*** Opening EXTRACTED RECORDS ***

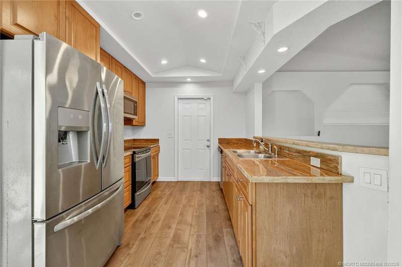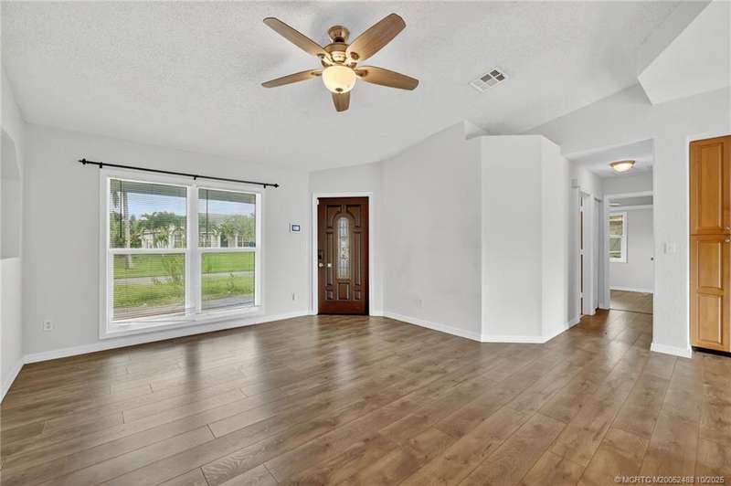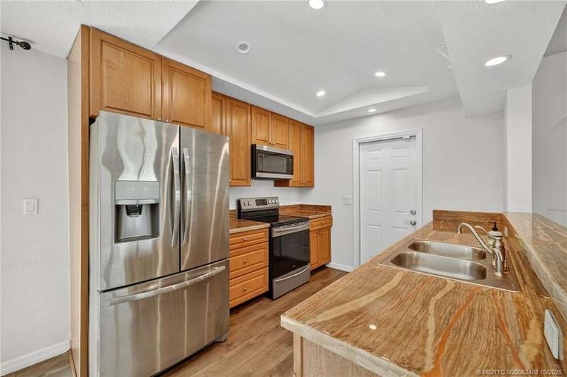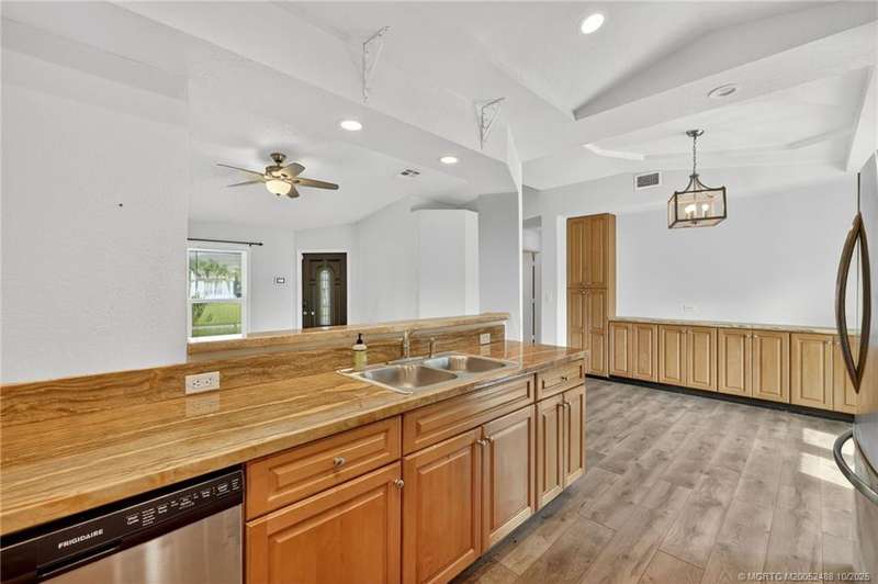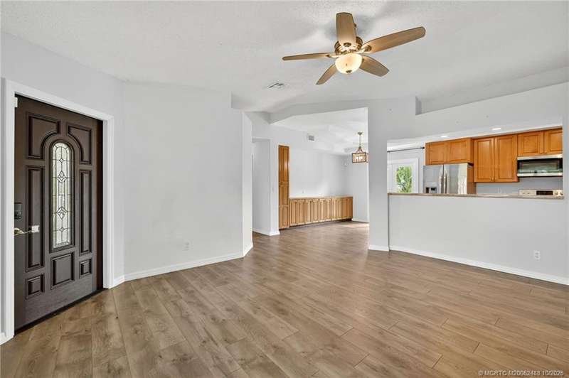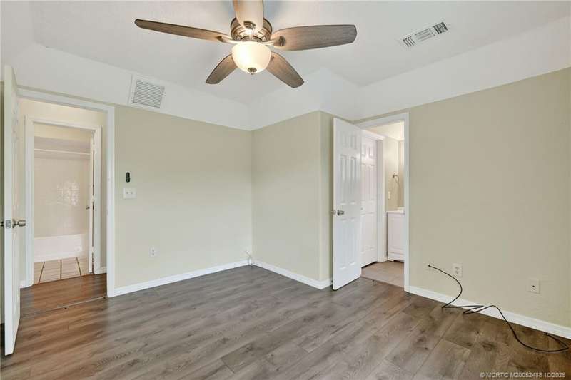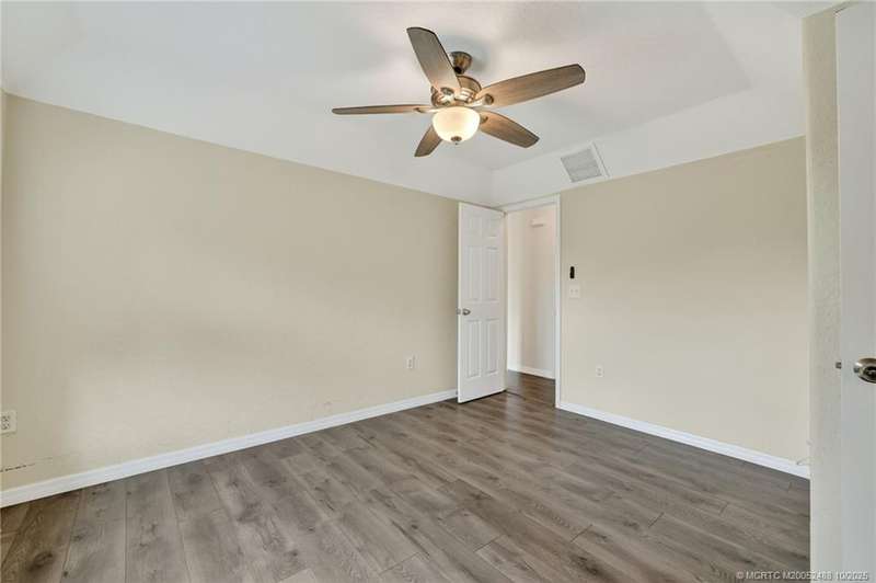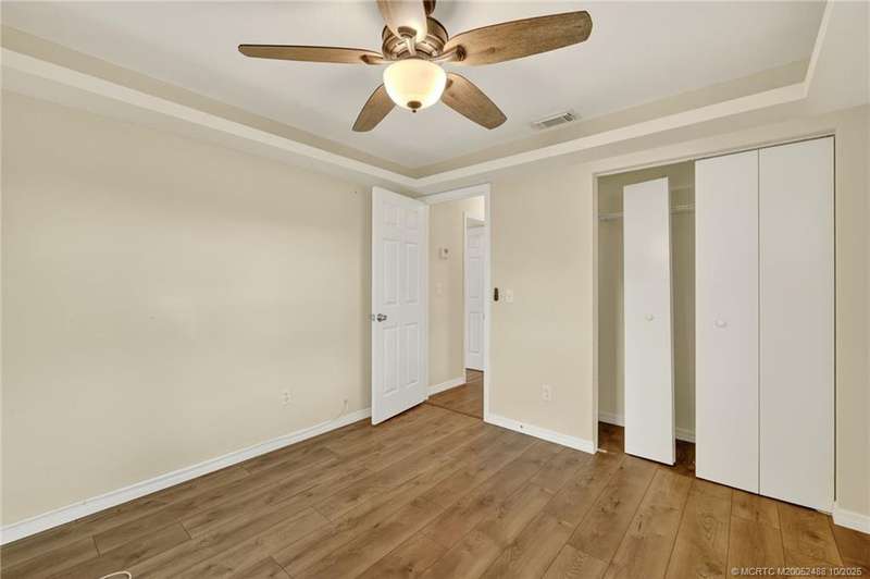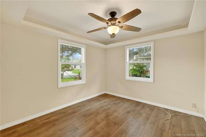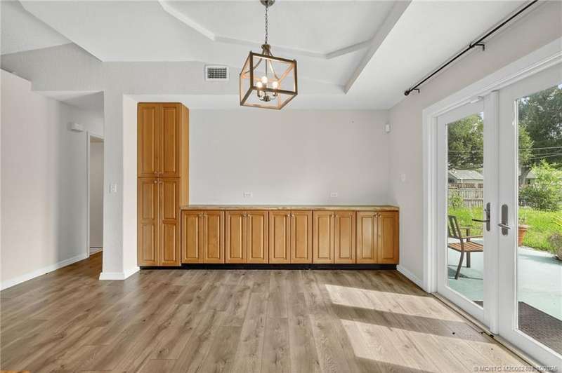 Beautiful 2 bedroom 2 bath home perfectly located in a great neighborhood with no HOA's. Home features luxury vinyl flooring and vaulted ceilings that create a bright, airy atmosphere, updated bathrooms, impact windows and doors, stainless steel appliances, and Corian countertops. Enjoy French doors leading to a large patio and completely fenced landscaped yard for entertaining. Located just minutes from shopping, restaurants, and schools, with easy access to I-95 for commuters. Home also features complete solar panels resulting in extremely low electric bills for tenant.
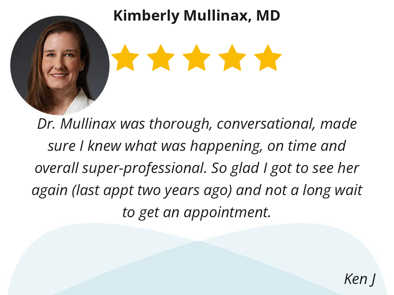 Dr. Mullinax was thorough, conversational, made sure I knew what was happening, on time and overall super-professional. So glad I got to see her again (last appt two years ago) and not a long wait to get an appointment.
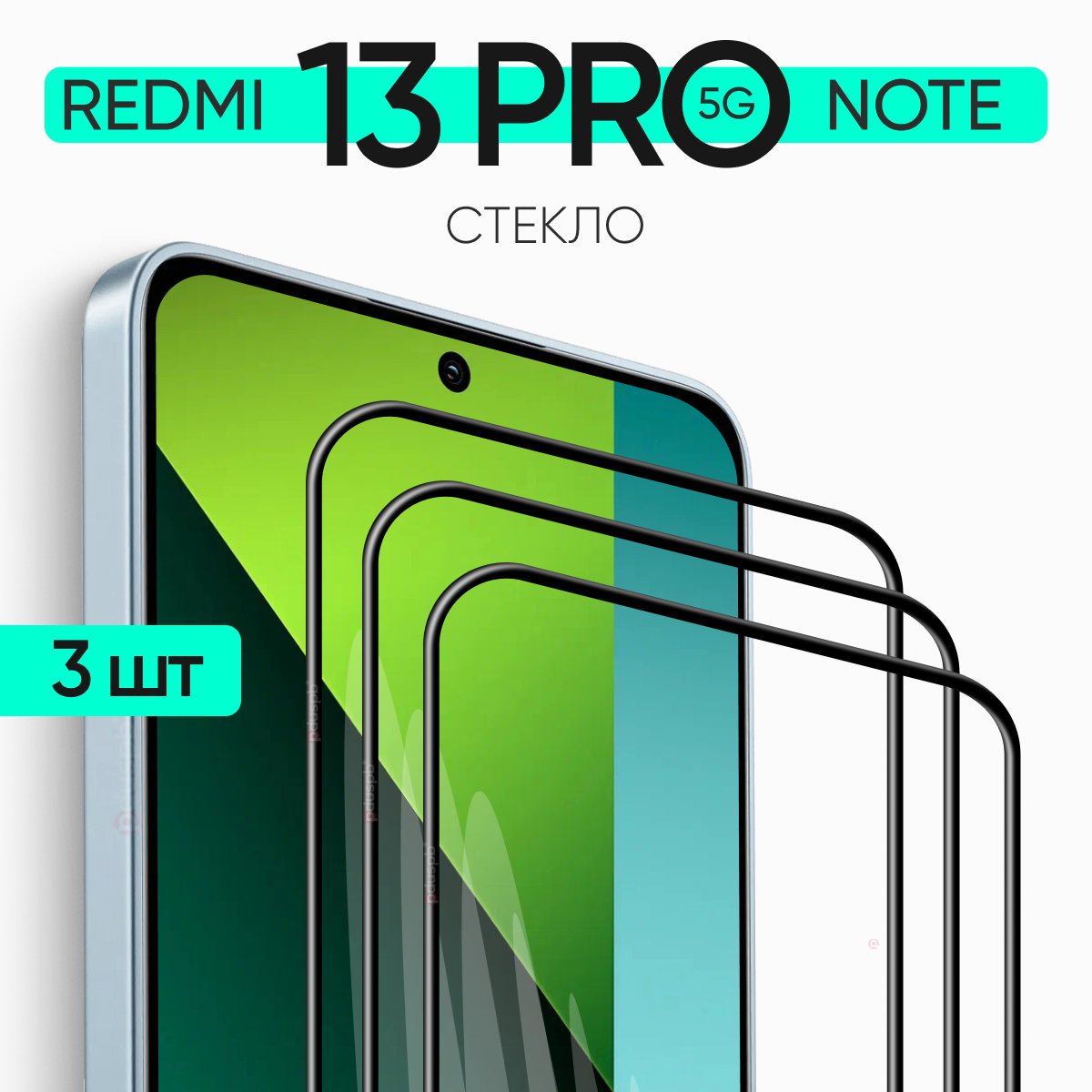 Защитное закаленное стекло (3 шт) для Xiaomi Redmi Note 13 pro 5g / Ксиоми Редми Ноут 13 про 5 джи информация:
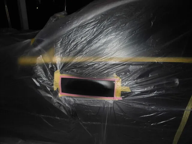 富士市 鈑金塗装 ベゼル 左リヤドア凹み塗装修理
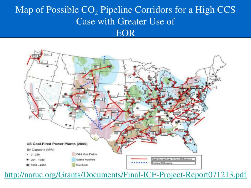 Map of Possible CO2 Pipeline Corridors for a High CCS Case with Greater Use of EOR http://naruc.org/Grants/Documents/Final-ICF-Project-Report071213.pdf
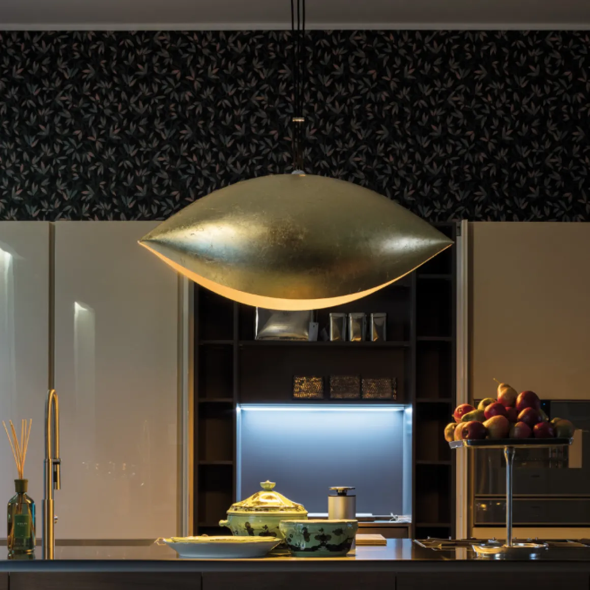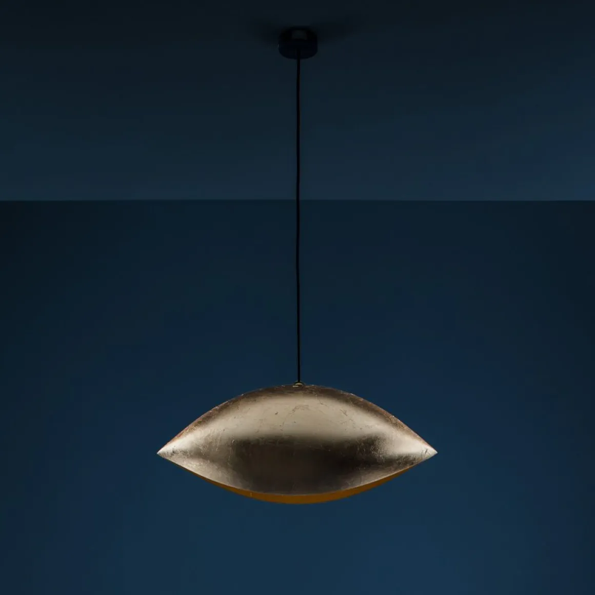 Luci d’Oro naît comme une réflexion sur la couleur de la lumière : la lumière dorée du soleil, du feu ; des lumières chaudes, où le concept de réfraction commence à prendre forme dans l’esprit d’Enzo Catellani, qui l’appliquera souvent à d’autres créations.
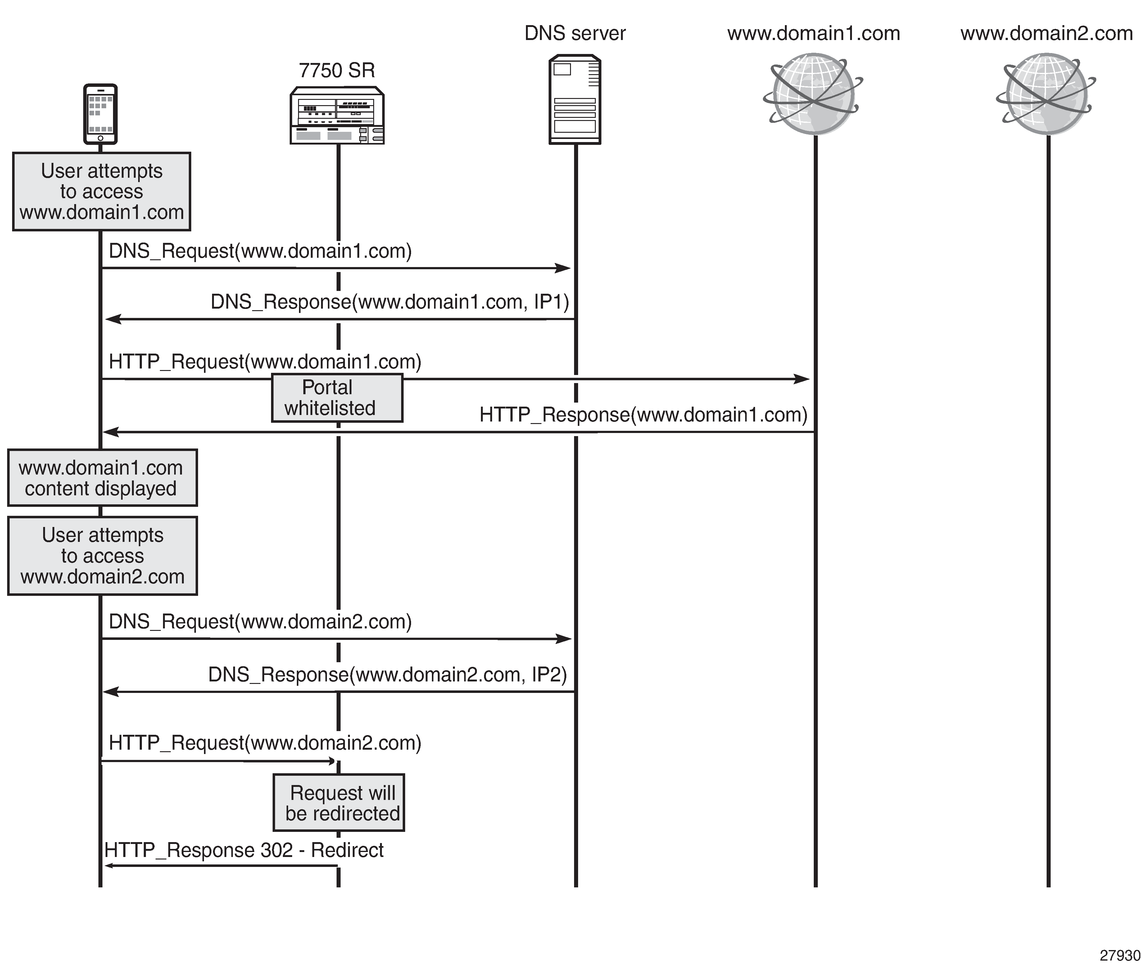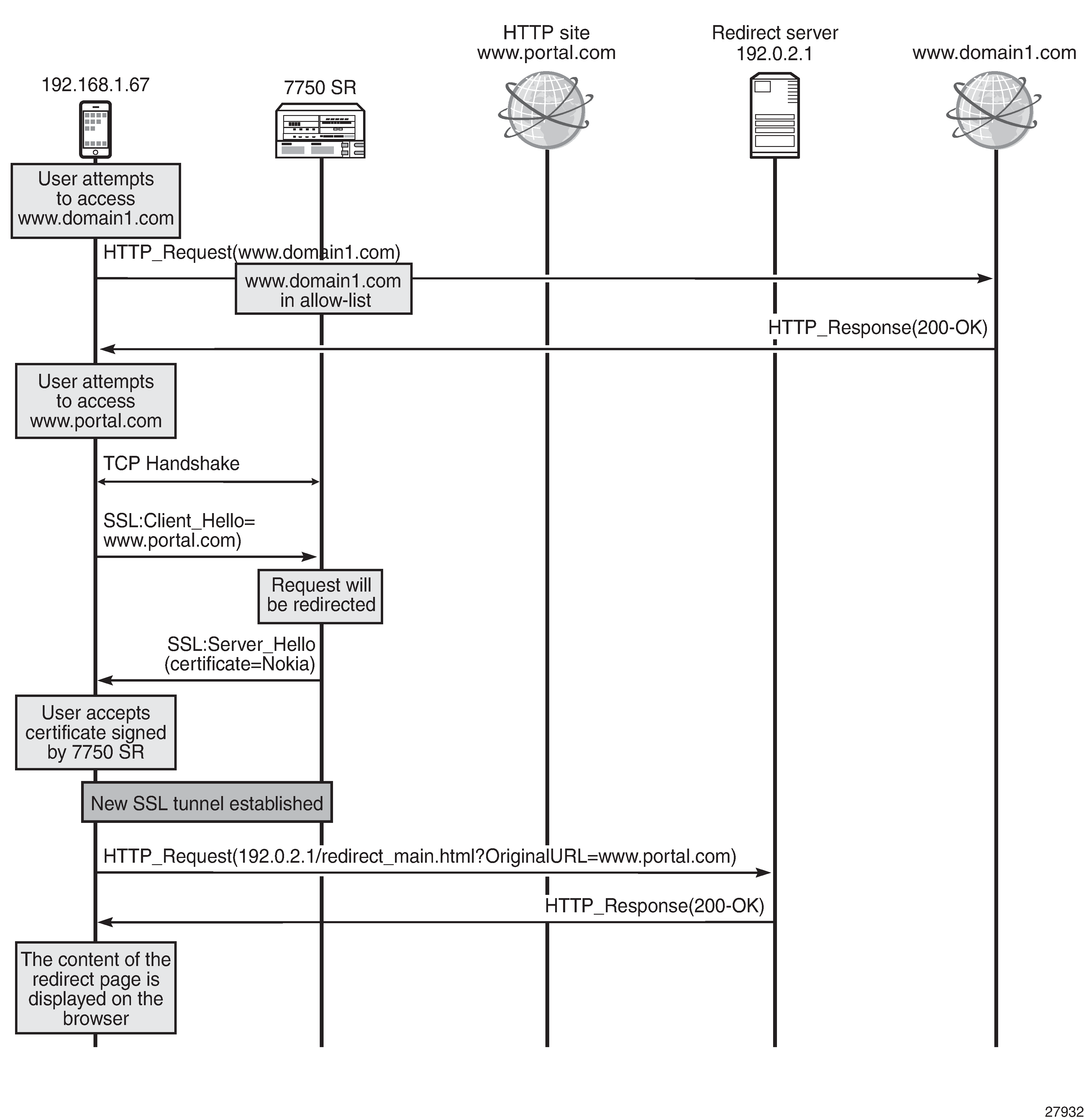 URL filter triggered HTTP redirect or HTTPS captive redirect (SR OS Release 16.0): redirects all HTTP/HTTPS traffic, based on a URL filter policy decision, where on block decision, the request can be redirected to a message portal

*** Closing EXTRACTED RECORDS ***

DESCRIPTION OF THE TASK |
Without including any pictures, reproduce the listing exactly.

PROBLEM SOLUTION |
 Beautiful 2 bedroom 2 bath home perfectly located in a great neighborhood with no HOA's. Home features luxury vinyl flooring and vaulted ceilings that create a bright, airy atmosphere, updated bathrooms, impact windows and doors, stainless steel appliances, and Corian countertops. Enjoy French doors leading to a large patio and completely fenced landscaped yard for entertaining. Located just minutes from shopping, restaurants, and schools, with easy access to I-95 for commuters. Home also features complete solar panels resulting in extremely low electric bills for tenant.
 Dr. Mullinax was thorough, conversational, made sure I knew what was happening, on time and overall super-professional. So glad I got to see her again (last appt two years ago) and not a long wait to get an appointment.
 Защитное закаленное стекло (3 шт) для Xiaomi Redmi Note 13 pro 5g / Ксиоми Редми Ноут 13 про 5 джи информация:
 富士市 鈑金塗装 ベゼル 左リヤドア凹み塗装修理
 Map of Possible CO2 Pipeline Corridors for a High CCS Case with Greater Use of EOR http://naruc.org/Grants/Documents/Final-ICF-Project-Report071213.pdf
 Luci d’Oro naît comme une réflexion sur la couleur de la lumière : la lumière dorée du soleil, du feu ; des lumières chaudes, où le concept de réfraction commence à prendre forme dans l’esprit d’Enzo Catellani, qui l’appliquera souvent à d’autres créations.
 URL filter triggered HTTP redirect or HTTPS captive redirect (SR OS Release 16.0): redirects all HTTP/HTTPS traffic, based on a URL filter policy decision, where on block decision, the request can be redirected to a message portal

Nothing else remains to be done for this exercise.